Microsoft CEO Satya Nadella apologises for gender pay gap comments
Microsoft head Satya Nadella has apologised following his comments on the gender pay gap
Microsoft CEO Satya Nadella has backtracked on comments he made regarding female workers asking their employers for pay rises, claiming his response was simply "inarticulate" and thus misconstrued.
Speaking at an event, Nadella sparked widespread Twitter reaction when he claimed women not asking for a pay rise from their boss would be "good karma," and could mean they're looked on more favourably in the long-term.
When asked about how women should approach asking for a pay rise, he said: "It's not really about asking for a raise, but knowing and having faith that the system will actually give you the right raises as you go along."
The chief responded to criticism by dubbing his comments an "inarticulate" statement regarding women in the IT industry, and added in a tweet that he believed the gender pay gap needs to be closed.
Later, a full blog post was posted on Microsoft's website clarifying Nadella's intentions behind the comments, appearing as an email to all employees with the subject line, "RE: Empowering Others."
In it, he wrote: "It was great to spend time with so many women passionate about technology.
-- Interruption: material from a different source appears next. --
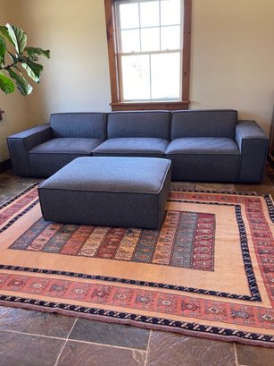 Clean-lined and versatile modular sectional sofa upholstered in a neutral gray fabric, offering both comfort and modern style. This piece features a low-profile silhouette with wide track arms and generously sized seat cushions, designed for relaxed lounging. The modular configuration allows for flexible arrangement to suit a variety of spaces.

I was honoured to be a part of it and I left the conference energised and inspired.
"Toward the end of the interview, Maria asked me what advice I would offer women who are not comfortable asking for pay raises (sic). I answered that question completely wrong. Without a doubt I wholeheartedly support programs at Microsoft and in the industry that bring more women into technology and close the pay gap.
"I believe men and women should get equal pay for equal work. And when it comes to career advice on getting a raise when you think it's deserved, Maria's advice was the right advice. If you think you deserve a raise, you should ask."
Figures released back in June revealed a growing gender gap in the industry, with women only making up 18 per cent of the IT workforce in the UK, compared to 22 per cent in 2001.